──────── RECORD EXTRACTS

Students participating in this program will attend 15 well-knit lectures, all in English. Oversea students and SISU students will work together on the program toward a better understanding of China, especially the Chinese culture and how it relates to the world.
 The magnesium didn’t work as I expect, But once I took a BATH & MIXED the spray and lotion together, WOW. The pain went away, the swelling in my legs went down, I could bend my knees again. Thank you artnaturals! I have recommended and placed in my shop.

────────────────
──────── RECORD EXTRACTS

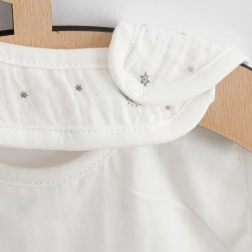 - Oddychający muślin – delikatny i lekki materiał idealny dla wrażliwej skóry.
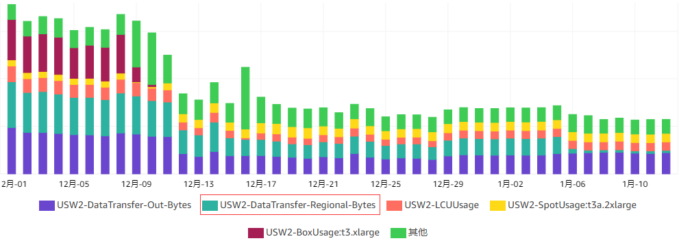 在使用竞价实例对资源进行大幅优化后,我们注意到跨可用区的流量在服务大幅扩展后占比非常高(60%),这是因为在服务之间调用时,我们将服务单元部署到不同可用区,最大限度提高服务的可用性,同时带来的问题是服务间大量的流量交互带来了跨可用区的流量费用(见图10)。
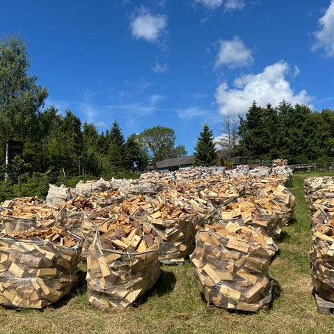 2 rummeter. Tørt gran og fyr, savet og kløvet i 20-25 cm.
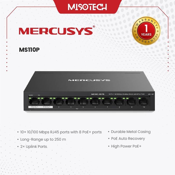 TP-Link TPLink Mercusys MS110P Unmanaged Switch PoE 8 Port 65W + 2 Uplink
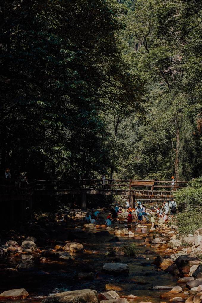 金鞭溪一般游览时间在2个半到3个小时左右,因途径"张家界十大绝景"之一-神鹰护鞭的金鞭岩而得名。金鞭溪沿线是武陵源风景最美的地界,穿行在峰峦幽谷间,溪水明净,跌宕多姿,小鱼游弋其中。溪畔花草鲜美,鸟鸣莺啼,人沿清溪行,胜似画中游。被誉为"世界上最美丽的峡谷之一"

────────────────

• _REQUIRED WORK_
Within the material above, transcribe exactly the lines that run from the line holding "Students participating in" through the line holding "The magnesium didn’t".

• _RESULT OF THE EXERCISE_
Students participating in this program will attend 15 well-knit lectures, all in English. Oversea students and SISU students will work together on the program toward a better understanding of China, especially the Chinese culture and how it relates to the world.
 The magnesium didn’t work as I expect, But once I took a BATH & MIXED the spray and lotion together, WOW. The pain went away, the swelling in my legs went down, I could bend my knees again. Thank you artnaturals! I have recommended and placed in my shop.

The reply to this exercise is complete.